Evaluation of DNA extraction methods

The essential criteria for successful sequencing using ONT are the purity and size distribution of the extracted DNA. Six different combinations of DNA extraction and purification methods were therefore examined using four filamentous ascomycetes (Penicillium aurantiogriseum, Aspergillus westerdijkiae, Aspergillus sp. (subgen. Cremei), and Apiospora pterospermum) in order to determine suitable methods for extraction and purification of DNA. ONT recommends an A260/280 ratio of 1.8, an A260/230 ratio of 2.0–2.2, and a ratio between the concentration measured on the NanoDrop and the concentration measured on the Qubit (NanoDrop/Qubit ratio) of 1.0–1.5. It is, however, also essential to assess the fragment length distribution of the purified DNA, which should be devoid of small DNA fragments, as well as the amount of the extracted DNA (preferably >1.5 µg).

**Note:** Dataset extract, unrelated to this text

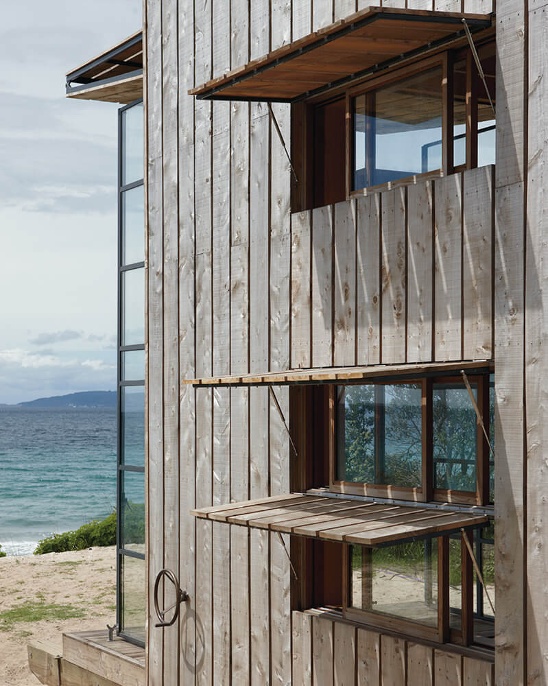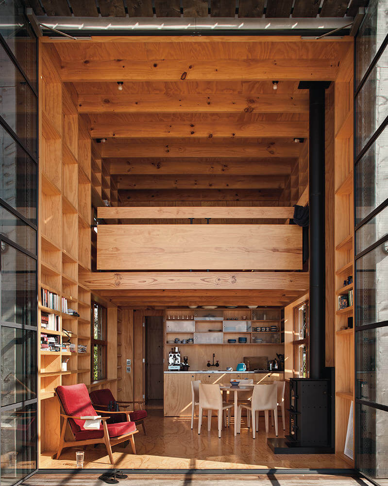 The two-storey shutter on the front façade winches open to form an awning, shading the interior from summer sun while allowing winter sun to enter. It reveals double-height steel-framed glass doors that open the interior much like a tent flap, connecting the living room and the mezzanine bedroom to the extraordinary view.

The results from the six combinations of extraction and purification methods on the four filamentous ascomycetes are shown in Fig. 1. Nearly all methods yielded acceptable A260/A280 ratios (Fig. 1c) and all, with the exception of DNA extracted and purified with phenol-chloroform, yielded acceptable NanoDrop/Qubit ratios (Fig. 1d). The very low A260/A280 ratio of this sample is probably caused by the presence of visible insoluble material, likely a carbohydrate polymer. In general, the combination of bead beating and DNeasy PowerSoil Kit yielded the highest amounts of extracted DNA (Fig. 1a) compared to the other methods, but increased fragmentation of the DNA was observed (Fig. 1e). Taken together, Genomic Buffer Set in combination with Genomic-Tips 20 G−1 and phenol-chloroform in combination with Genomic-Tips 20 G−1 were the overall best methods examined. A detailed protocol of these methods is described in Supplementary note 2. In the case of Aspergillus sp. (subgen. Cremei), however, only a relatively low amount (2.04 ng DNA/mg dry cell mass) of DNA was extracted using Genomic Buffer Set in combination with Genomic-Tips 20 G−1. This could be due to poor degradation of the cell (Fig. 1a) since a disproportionally higher yield (48.57 ng DNA/mg dry cell mass) was observed using phenol-chloroform in combination with Genomic-Tips 20 G−1 for this fungus. The degradation of the cell wall was digested with varying efficiency, probably due to different chemical composition and thickness of the cell walls. From this, it can also be assessed that one cannot except a extraction method can be applied for every species within a genus. Noteworthy, the amount of fungal material required is higher for the phenol-chloroform method (see Methods for details) compared to the Genomic Buffer Set, which in some cases might speak against the use of the former method.

Fig. 1.

Fig. 1.

The effect of six different combinations of DNA extraction and purification methods on four fungi (Apiospora pterospermum, Aspergillus westerdijkiae, Penicillium aurantiogriseum, and Aspergillus sp. (subgen. Cremei)). PS-SC; QIAGEN DNeasy PowerSoil Kit with bead beating for indicated time periods followed by purification using Spin columns from QIAGEN DNeasy PowerSoil Kit. PS-PCP; QIAGEN DNeasy PowerSoil Kit with bead beating for 1 min followed by phenol-chloroform purification. PCE-PCP; only phenol-chloroform extraction and purification. PCE-AMP; phenol-chloroform extraction followed by AMPure XP beads purification. PCE-GT; phenol-chloroform extraction and QIAGEN Genomic-Tips 20 G−1 purification. GB-GT; QIAGEN Genomic Buffer Set and QIAGEN Genomic-Tips 20 G−1 purification. (a) DNA yield (ng DNA/mg dry cell mass). (b) A260/230 and (c) A260/280 ratio; all samples with a concentration below 20 ng µl−1 were excluded from the figure. (d) Ratio of concentration determinations (UV-abs/Fluorescence); samples with a concentration above 20 ng µl−1 were measured only. (e) Mean fragment size (kbp) of the extracted DNA; samples that complied with the listed criteria were measured only. Hatched grey lines in b–d indicate recommended intervals.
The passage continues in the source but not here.